Data block:
******************************
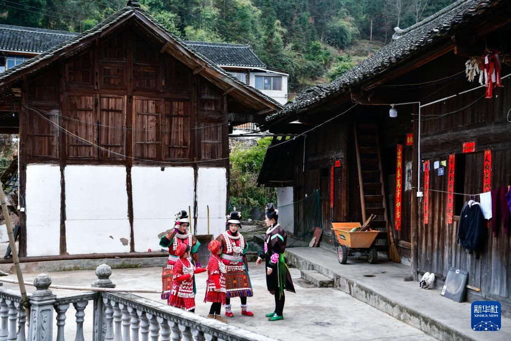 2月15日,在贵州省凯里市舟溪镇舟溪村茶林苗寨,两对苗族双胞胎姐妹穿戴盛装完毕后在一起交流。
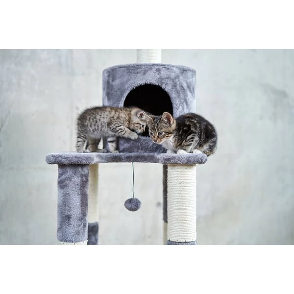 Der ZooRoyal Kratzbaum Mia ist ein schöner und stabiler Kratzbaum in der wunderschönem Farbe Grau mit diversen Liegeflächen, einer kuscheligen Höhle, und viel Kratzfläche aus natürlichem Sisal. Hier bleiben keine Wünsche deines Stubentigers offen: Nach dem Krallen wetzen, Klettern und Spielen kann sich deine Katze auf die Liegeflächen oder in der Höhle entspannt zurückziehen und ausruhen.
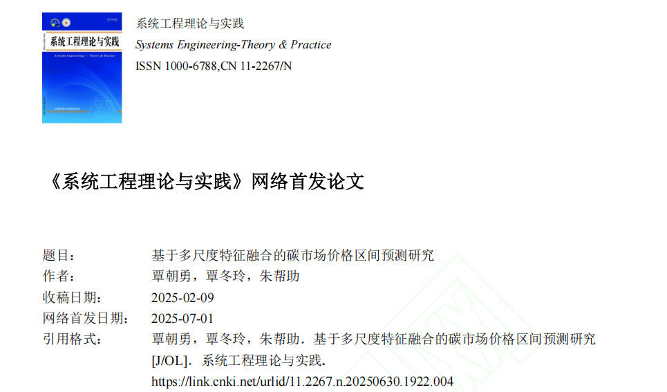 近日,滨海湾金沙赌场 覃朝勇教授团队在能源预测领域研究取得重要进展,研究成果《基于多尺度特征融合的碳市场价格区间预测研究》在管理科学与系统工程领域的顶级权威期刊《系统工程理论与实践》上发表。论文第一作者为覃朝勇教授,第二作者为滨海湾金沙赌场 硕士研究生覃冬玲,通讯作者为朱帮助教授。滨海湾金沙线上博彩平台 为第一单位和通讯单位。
******************************
Going from the line with "Der ZooRoyal Kratzbaum" to the last line of the listing, write out each line exactly and nothing else. Leave out all pictures.

Result of the task:
 Der ZooRoyal Kratzbaum Mia ist ein schöner und stabiler Kratzbaum in der wunderschönem Farbe Grau mit diversen Liegeflächen, einer kuscheligen Höhle, und viel Kratzfläche aus natürlichem Sisal. Hier bleiben keine Wünsche deines Stubentigers offen: Nach dem Krallen wetzen, Klettern und Spielen kann sich deine Katze auf die Liegeflächen oder in der Höhle entspannt zurückziehen und ausruhen.
 近日,滨海湾金沙赌场 覃朝勇教授团队在能源预测领域研究取得重要进展,研究成果《基于多尺度特征融合的碳市场价格区间预测研究》在管理科学与系统工程领域的顶级权威期刊《系统工程理论与实践》上发表。论文第一作者为覃朝勇教授,第二作者为滨海湾金沙赌场 硕士研究生覃冬玲,通讯作者为朱帮助教授。滨海湾金沙线上博彩平台 为第一单位和通讯单位。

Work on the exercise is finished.